Could you transcribe exactly the lines below, from the line with "Tuflas tipo zueco" through the line with "本网讯 4月12日晚,安徽大", and nothing else, leaving out the pictures?

## RECORDS PROVIDED
+++

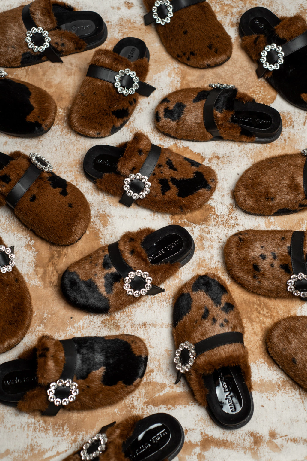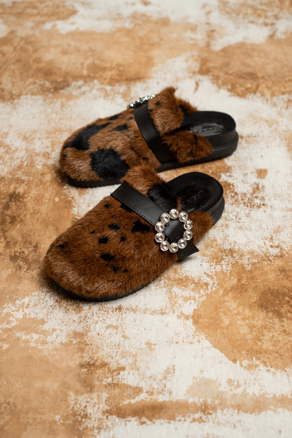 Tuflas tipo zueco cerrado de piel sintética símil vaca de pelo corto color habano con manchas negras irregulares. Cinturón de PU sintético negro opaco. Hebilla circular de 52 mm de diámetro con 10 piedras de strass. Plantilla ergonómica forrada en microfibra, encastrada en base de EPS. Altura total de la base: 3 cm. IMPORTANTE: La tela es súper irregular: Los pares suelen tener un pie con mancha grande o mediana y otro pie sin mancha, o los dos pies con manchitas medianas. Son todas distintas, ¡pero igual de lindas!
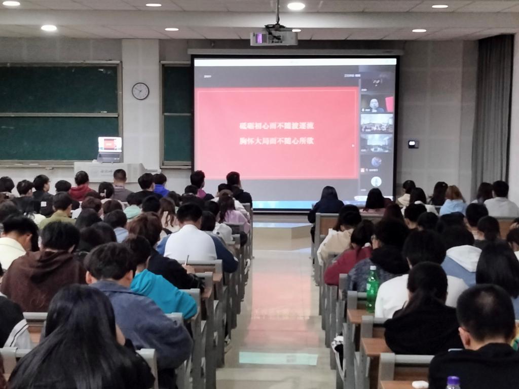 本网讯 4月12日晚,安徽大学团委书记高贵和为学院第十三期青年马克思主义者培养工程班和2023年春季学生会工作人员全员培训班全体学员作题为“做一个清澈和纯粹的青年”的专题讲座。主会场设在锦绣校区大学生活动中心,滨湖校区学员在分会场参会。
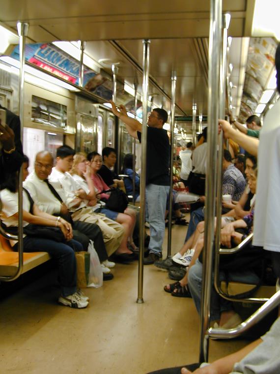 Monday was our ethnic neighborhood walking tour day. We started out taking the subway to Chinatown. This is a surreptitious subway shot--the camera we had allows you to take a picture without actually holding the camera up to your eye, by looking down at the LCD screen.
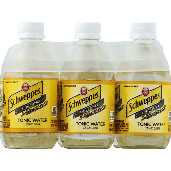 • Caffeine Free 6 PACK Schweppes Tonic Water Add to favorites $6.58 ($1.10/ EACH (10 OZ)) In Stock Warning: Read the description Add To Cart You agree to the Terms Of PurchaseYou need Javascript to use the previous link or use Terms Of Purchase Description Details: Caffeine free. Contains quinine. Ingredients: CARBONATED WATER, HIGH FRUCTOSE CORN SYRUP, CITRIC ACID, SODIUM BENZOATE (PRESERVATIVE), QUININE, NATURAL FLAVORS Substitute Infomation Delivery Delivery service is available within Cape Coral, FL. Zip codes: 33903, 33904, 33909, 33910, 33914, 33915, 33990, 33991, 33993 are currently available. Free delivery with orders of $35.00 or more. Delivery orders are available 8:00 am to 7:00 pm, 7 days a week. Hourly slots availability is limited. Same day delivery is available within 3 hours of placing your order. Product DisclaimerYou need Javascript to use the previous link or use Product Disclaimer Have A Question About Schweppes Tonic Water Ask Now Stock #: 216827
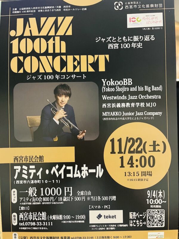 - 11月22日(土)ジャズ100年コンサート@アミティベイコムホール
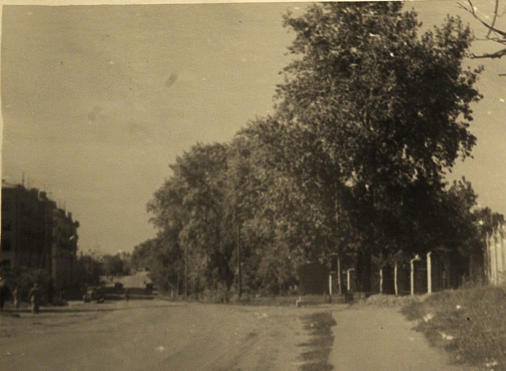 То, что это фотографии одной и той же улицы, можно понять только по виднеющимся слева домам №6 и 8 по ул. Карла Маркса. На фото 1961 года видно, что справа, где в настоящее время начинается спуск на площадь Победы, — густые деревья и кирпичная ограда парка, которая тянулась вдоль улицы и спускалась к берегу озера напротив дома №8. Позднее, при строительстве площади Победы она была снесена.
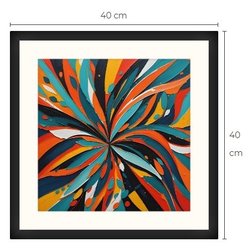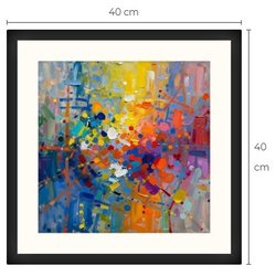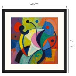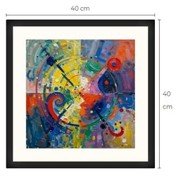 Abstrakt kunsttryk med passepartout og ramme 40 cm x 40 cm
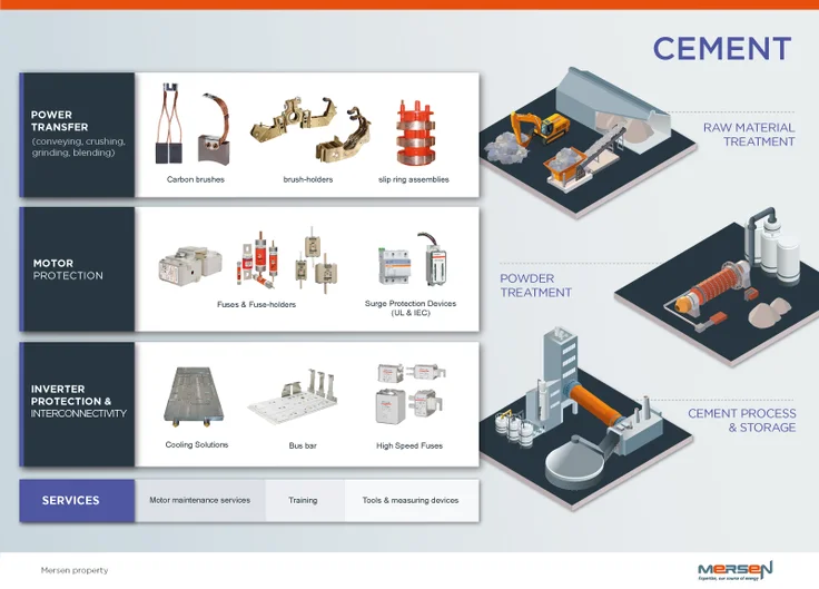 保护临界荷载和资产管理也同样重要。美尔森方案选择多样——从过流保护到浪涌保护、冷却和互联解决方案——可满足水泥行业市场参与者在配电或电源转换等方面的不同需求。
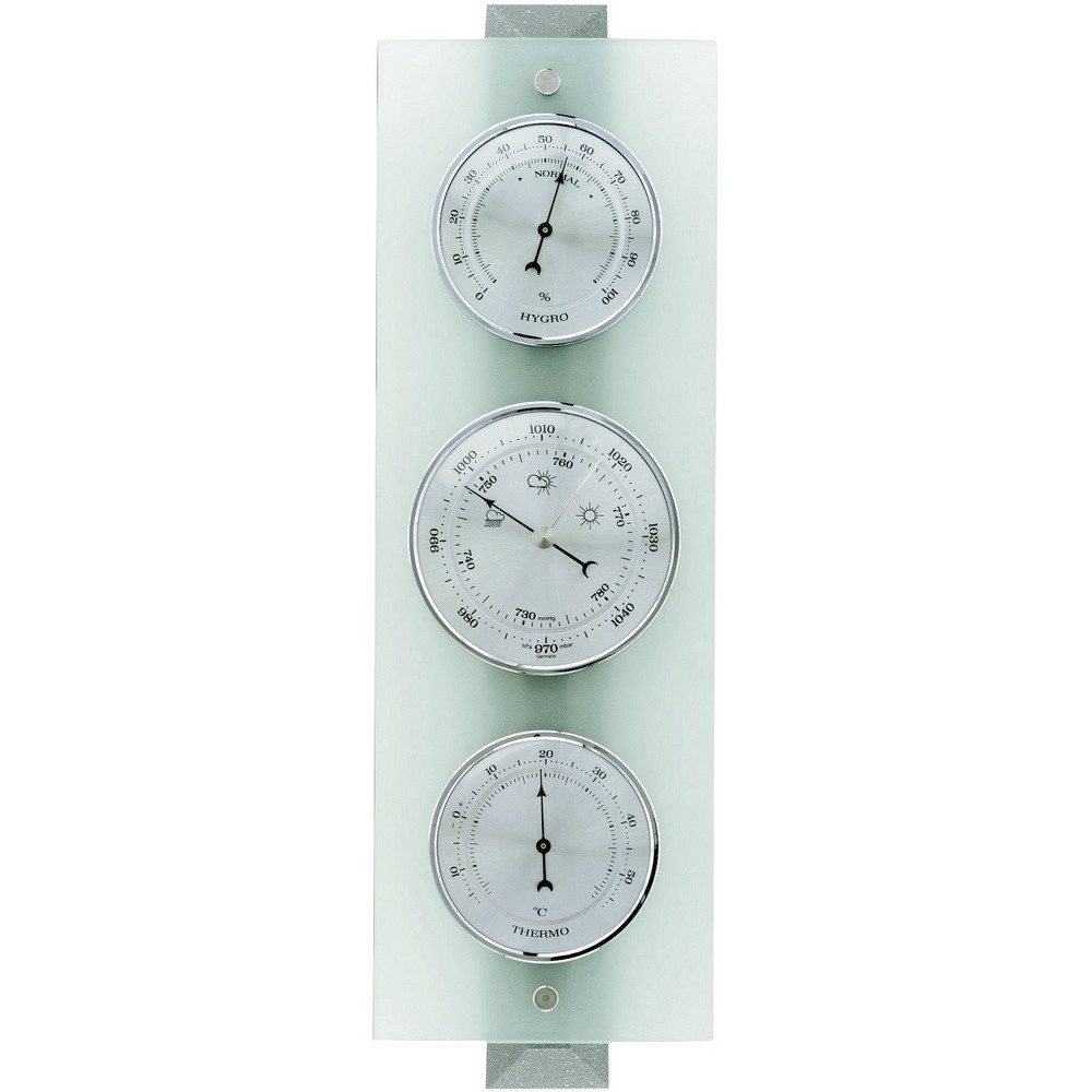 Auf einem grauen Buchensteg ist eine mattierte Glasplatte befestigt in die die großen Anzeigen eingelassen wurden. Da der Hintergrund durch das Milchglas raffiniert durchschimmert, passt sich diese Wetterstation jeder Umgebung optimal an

+++

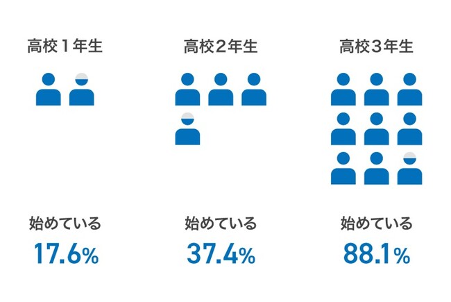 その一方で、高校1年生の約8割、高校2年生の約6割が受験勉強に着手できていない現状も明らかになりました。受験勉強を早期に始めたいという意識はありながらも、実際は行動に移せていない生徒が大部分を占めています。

+++

## RESULT FOR THIS TASK
 Tuflas tipo zueco cerrado de piel sintética símil vaca de pelo corto color habano con manchas negras irregulares. Cinturón de PU sintético negro opaco. Hebilla circular de 52 mm de diámetro con 10 piedras de strass. Plantilla ergonómica forrada en microfibra, encastrada en base de EPS. Altura total de la base: 3 cm. IMPORTANTE: La tela es súper irregular: Los pares suelen tener un pie con mancha grande o mediana y otro pie sin mancha, o los dos pies con manchitas medianas. Son todas distintas, ¡pero igual de lindas!
 本网讯 4月12日晚,安徽大学团委书记高贵和为学院第十三期青年马克思主义者培养工程班和2023年春季学生会工作人员全员培训班全体学员作题为“做一个清澈和纯粹的青年”的专题讲座。主会场设在锦绣校区大学生活动中心,滨湖校区学员在分会场参会。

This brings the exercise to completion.